Templars were founded a two decades later, and only started this practice a few decades after that. Yes, that helped resolve this problem to some degree, but what they were supplying was assistance with transit (to some degree) and support once you arrived in theatre. Even then, you sometimes had to negotiate with them for the release of funds and it could get tricky, because it relied upon them being liquid enough to support an unknown number of knights at once. Rudolph of Pfullendorf (1180) and John of Joinville (1250) both encountered difficulties with their "withdrawals". So not quite an ATM.


cognitivedissonance - 2021-08-14

I bet you have opinions about pauldrons.


rural - 2021-08-14

Don't get me started!


yogarfield - 2021-08-15

For what it's worth, I did enjoy your comment more than the video. For that, I render unto you 5 ghost bolts of silk.
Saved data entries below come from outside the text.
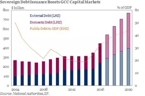 最后,这可能是最令人担忧的一张图,对于那些海湾地区石油出口国如何为自己的预算提供资金,并避免国家经济陷入衰退以及国家秩序陷入混乱,答案就是大幅增加新债发行。
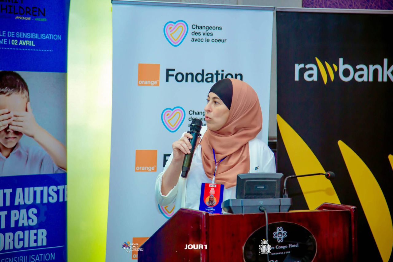 Mme Mamouni Fatma, paneliste, diplomée de psychologie clinique, Université de Paris devant l’auditoire au Grand Salon de l’Autiste à Kinshasa (Photo Presse NLC ASBL)
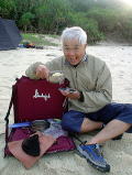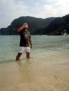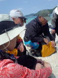 2日目は停滞。 クンシの浜に3人の釣り師が現れました。 海に出れないのならここから仕留めてやろう!とばかりに 各々が好きな場所で腕をふるい・・・ 帰ってきた釣り師のことばは「渡嘉敷に魚がいないことが判明しましたっ」 クジラも休みなら、魚も有給とっていたようです、、。 |

The Mothership - 2021-08-16

Rural, will I see you at Leeds or at Kalamazoo next year?


rural - 2021-08-21

Sorry, saw these comments too late. I can't deal with the online Leeds and K'zoo. When we are back to solid in-person conferences, I'm at both on the regular.


yogarfield - 2021-08-13

This comment smacks of "I studied medieval history and all I got was these lousy 3 stars".


rural - 2021-08-14

Medieval history is worth all the stars in the galaxy, because it allows you to bore at Olympic levels in the discussion of YouTube clips. But I find videos like this so awesome and weird because they are discussing something as if it should obey the laws of physics (weight) and logistics, but it belongs entirely to the realm of fantasy. This is like arguing about how often you need to recharge a light saber.


The Mothership - 2021-08-16

Any adventurer that wealthy would have a baggage train and attendants. Only peasants carry their own money.